In der Türkei befinden sich noch mindestens fünf Deutsche aus politischen Gründen in Haft. Nun hat Mesale Tolu sie aufgefordert, auf ihr Schicksal aufmerksam zu machen. Die über mehrere Monate in der Türkei inhaftierte deutsche Journalistin rät ihnen, an die Öffentlichkeit zu gehen.

"Tatsächlich wurde mir von deutschen Vertretern immer wieder mal geraten, doch der stillen Diplomatie eine Chance zu geben", sagte Tolu der "Welt am Sonntag". Dies sei ihrer Erfahrung nach aber der falsche Weg.

"Wenn man einfach in seiner Zelle ausharrt und schweigt, passiert nichts.

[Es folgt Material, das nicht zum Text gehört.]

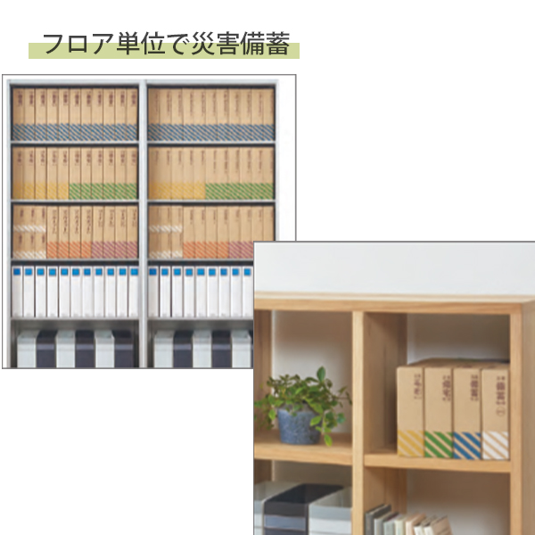 ほとんどのセットがA4/A5ファイルサイズに統一されており、一般的なキャビネットにきれいに収まります。シリーズで統一すれば、効率よく備蓄品を収納することが可能です。
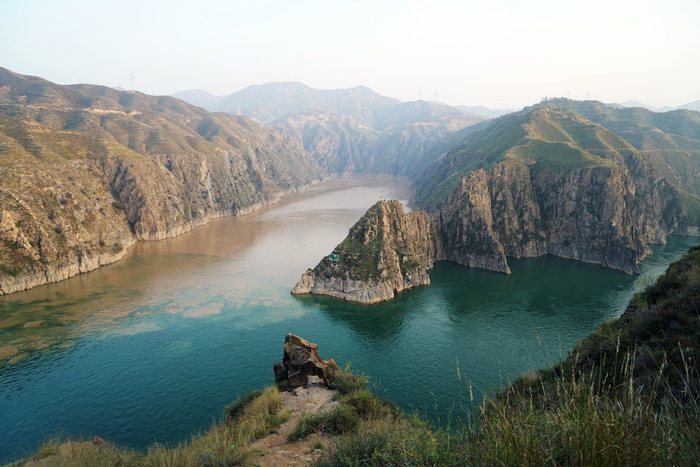 黄河静卧在刘家峡水库,波纹层层,金光闪动,水绿得如茵,蓝得似宝,绿蓝交汇处,让人记起“春来江水绿如蓝”的诗句来。洮河之水悄然汇入,却显得格格不入了,不过洮河算是找到了大家庭。洮河在这里不再是小家碧玉,也不是大家闺秀,而是一股浑浊的黄泥汤。相汇处,像把一桶黄油倒入一摊碧水中,像两种难以调和的颜料。这两种难以调和的颜料经千回百转,反复糅合、渗透,于峡谷中漂流,最后才不见了浑浊,于盛大之水库中完全融为一体。
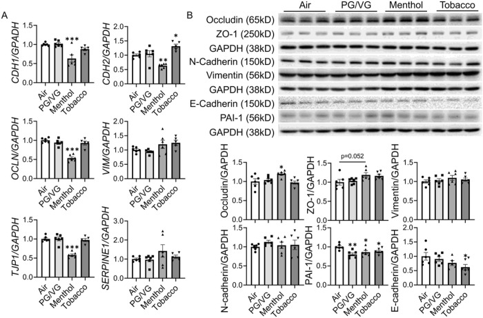 Results: After exposure, HFL-1 showed decreased cell number with increased IL-8 levels in the tobacco flavor group compared to air. BEAS-2B also showed increased IL-8 secretion after PG/VG and tobacco flavor exposure, while menthol flavor exposure showed no change. Both menthol and tobacco-flavored e-cig exposure showed decreased protein abundance of type 1 collagen (COL1A1), α-smooth-muscle actin (αSMA), and fibronectin as well as decreased gene expression level of αSMA (Acta2) in HFL-1. After tobacco flavor e-cig exposure, HFL-1 mediated wound healing and tissue contractility were inhibited. Furthermore, BEAS-2B exposed to menthol flavor showed significantly decreased gene expression of CDH1, OCLN, and TJP1.
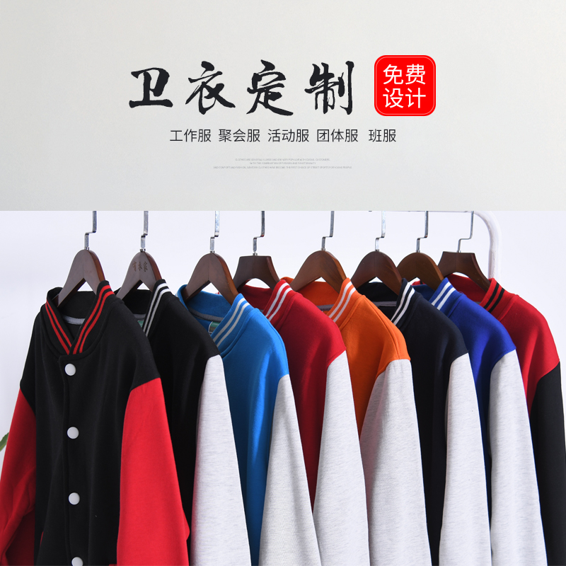 卫衣定制班服外套纯棉连帽加绒棒球服diy印logo字订制长袖工作服(图8)
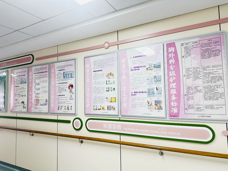 科室每个病区的文化墙上都有贴合本科特色的宣教知识,纸质版宣教手册方便患者随时取阅,心外科护士自制手绘图方便与带气管插管患者沟通,各病区公众号及时发布科普宣教内容,护士录制各种宣教视频在病区电子屏循环播放……此外,根据患者具体情况,责任护士采取一对一宣教和集中宣教相结合的方式,确保达到预期效果,促进患者术后快速康复。
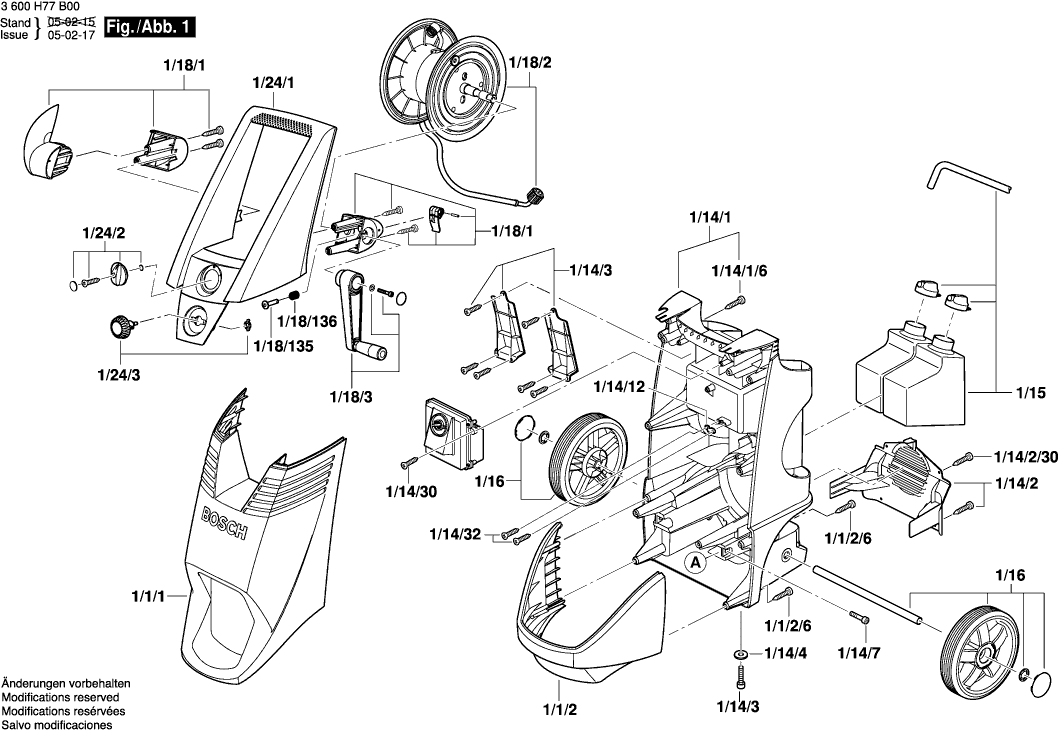 Qui troverai tutte le parti e i disegni disponibili di “Bosch 3600H77B00 ( AQUATAK150PROX )”. Da qui puoi ordinare direttamente tutte le parti desiderate. Molte parti devono essere ordinate dal produttore, a seconda della marca, ciò richiede da una a quattro settimane. Tutte le informazioni che abbiamo sono sul nostro sito web, non possiamo consigliarti su ciò di cui hai bisogno, per questo dovrai restituire la macchina per la riparazione. Nota quanto segue al momento dell’ordinazione:
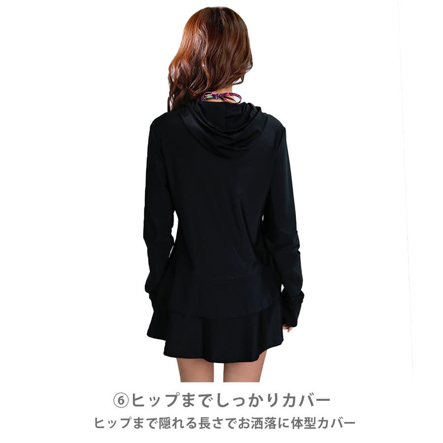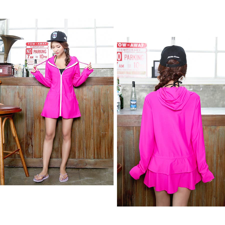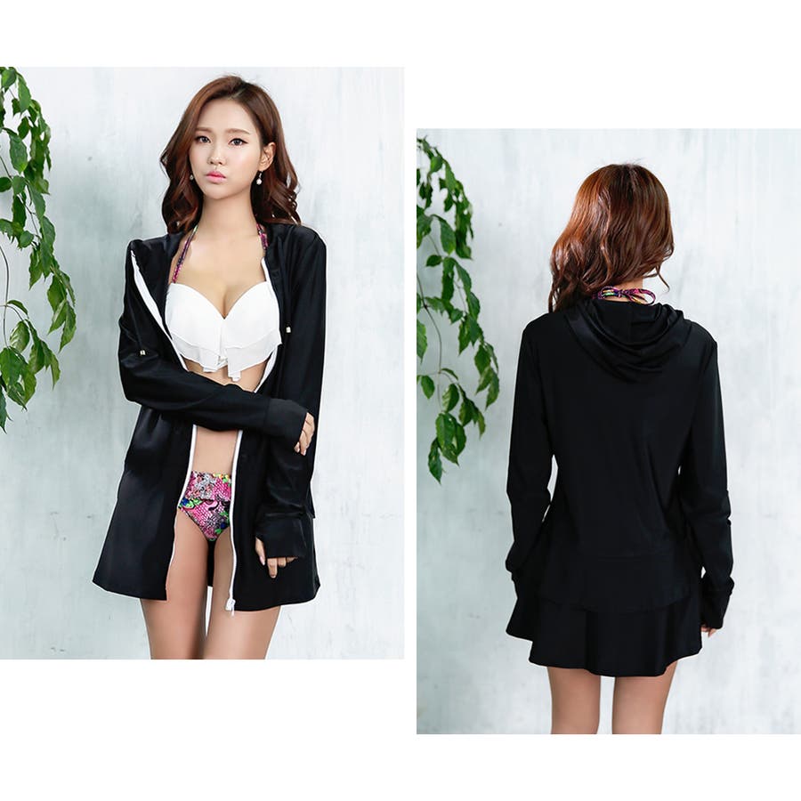 裾のフリルっぽいところがすごくかわいいです。スリムなデザインだったのでゆるめのLサイズを購入しましたが、水着の生地と同じですごく伸縮性があるのでとても動きやすいです。
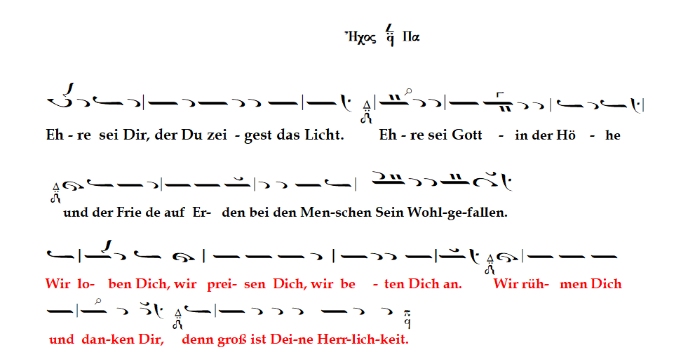 Für die byzantinische Tradition gibt es nichts Vergleichbares in Deutsch. Jeder Hymnos muss erst mühsam durch Kontrafaktur entwickelt werden, insofern jede Noten-Vorlage in byzantinischer Notenschrift mit einem passenden deutschen Text unterlegt werden muss (s. Bspl. 1).
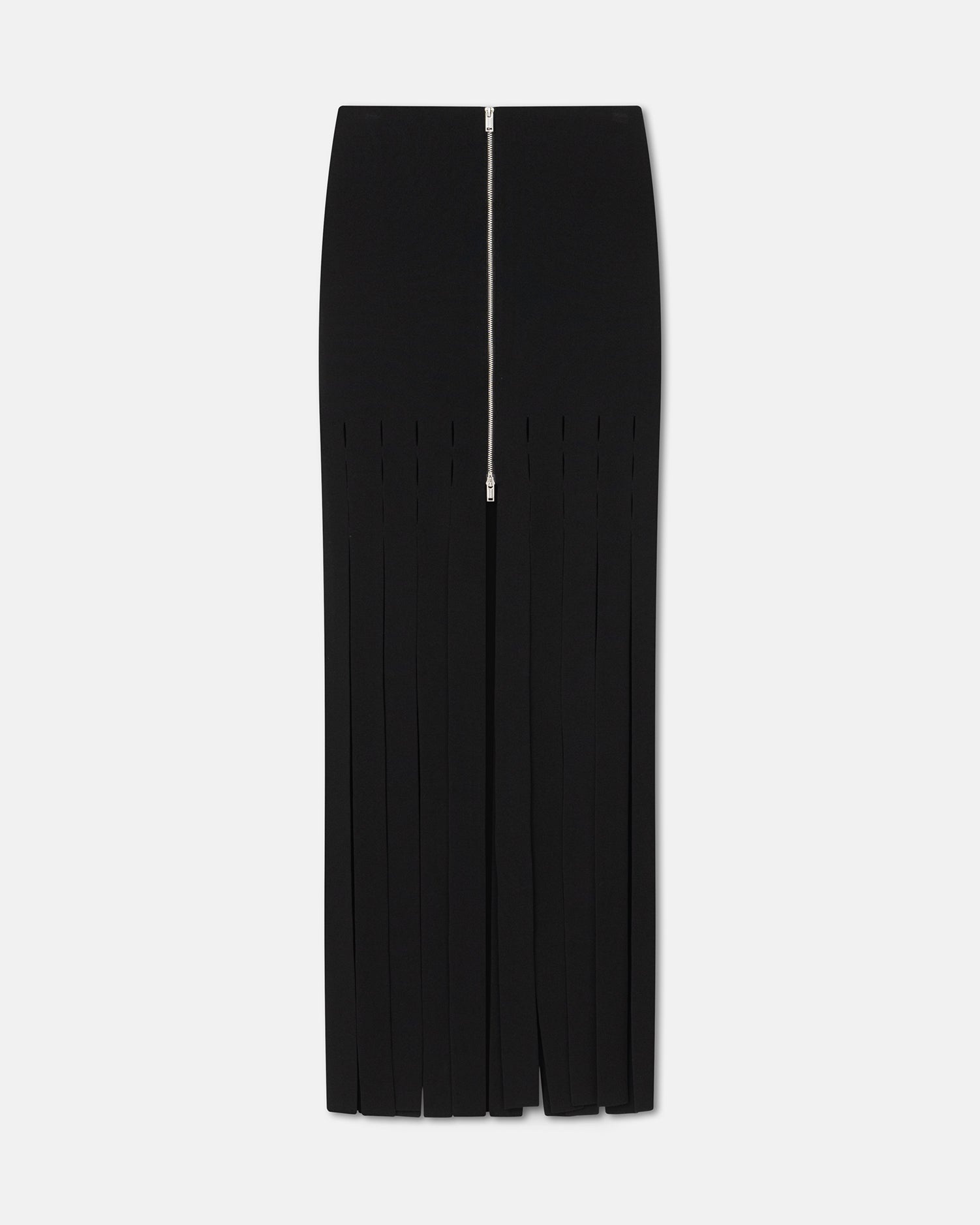 The Triana skirt shows how we use fabric to elevate understated silhouettes. Sitting high on the waist with a zip front, it is finished with a wave of fringing that pools to the floor. Fit Tailored to be fitting against the body. Model is 175 cm (5'9'') and wears a size S. Materials and Care Shell: 52% Viscose 46% Polyamide 2% Elastane Hand wash, do not bleach, do not tumble dry, iron low heat (110°), gentle dry clean any solvent except trichloroethylene, do not wring handle with care and wash less to ensure garment lifespan. repair or resell to support circular fashion.
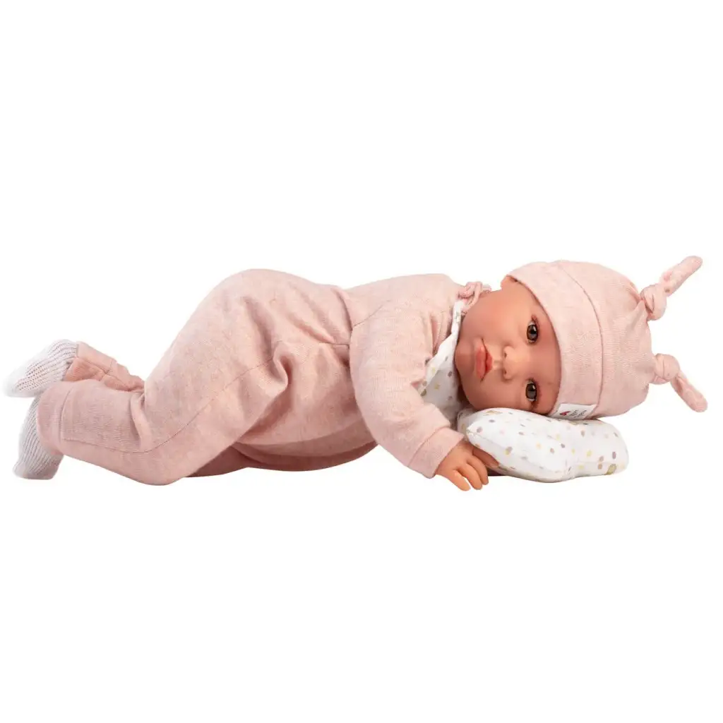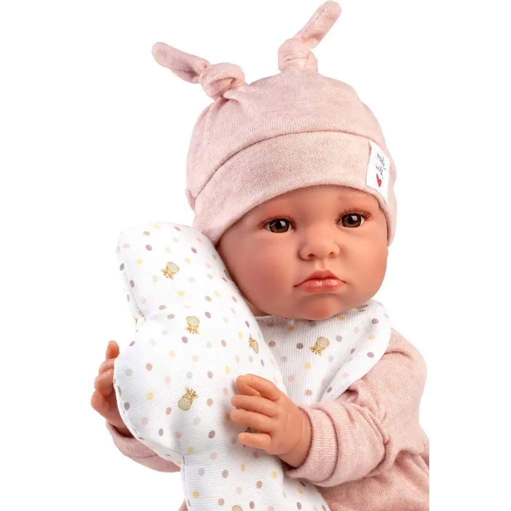 Punčka je oblečena v mehko, svetlo roza pajac, ki ga dopolnjuje prikupna kapa z zajčjimi ušesi, kar Luno naredi resnično posebno in igrivo. Okoli vratu nosi pikčasto slinček, v naročju pa drži barvno usklajeno blazino v obliki oblaka – ta blazina ni le dekorativna, ampak tudi praktičen dodatek za igro vlog. Majhen cof na blazini še dodatno polepša celoten videz.

Die Türkei ist kein Rechtsstaat. Abwarten heißt, sein Schicksal anderen in die Hand legen. Und jeder Tag da drinnen ist ein Tag zu viel", sagte Tolu, die unter Terrorvorwürfen angeklagt war, das Land aber Ende August verlassen durfte. "Wenn man Unrecht erfährt, muss man das auf die Tagesordnung setzen."

Im vergangenen Jahr hatte eine Reihe von Festnahmen deutscher Staatsbürger in der Türkei eine schwere Krise zwischen Berlin und Ankara ausgelöst. Die prominentesten Fälle waren neben Tolu jene des "Welt"-Reporters Deniz Yücel und des Menschenrechtlers Peter Steudtner, die beide inzwischen wieder ausreisen durften.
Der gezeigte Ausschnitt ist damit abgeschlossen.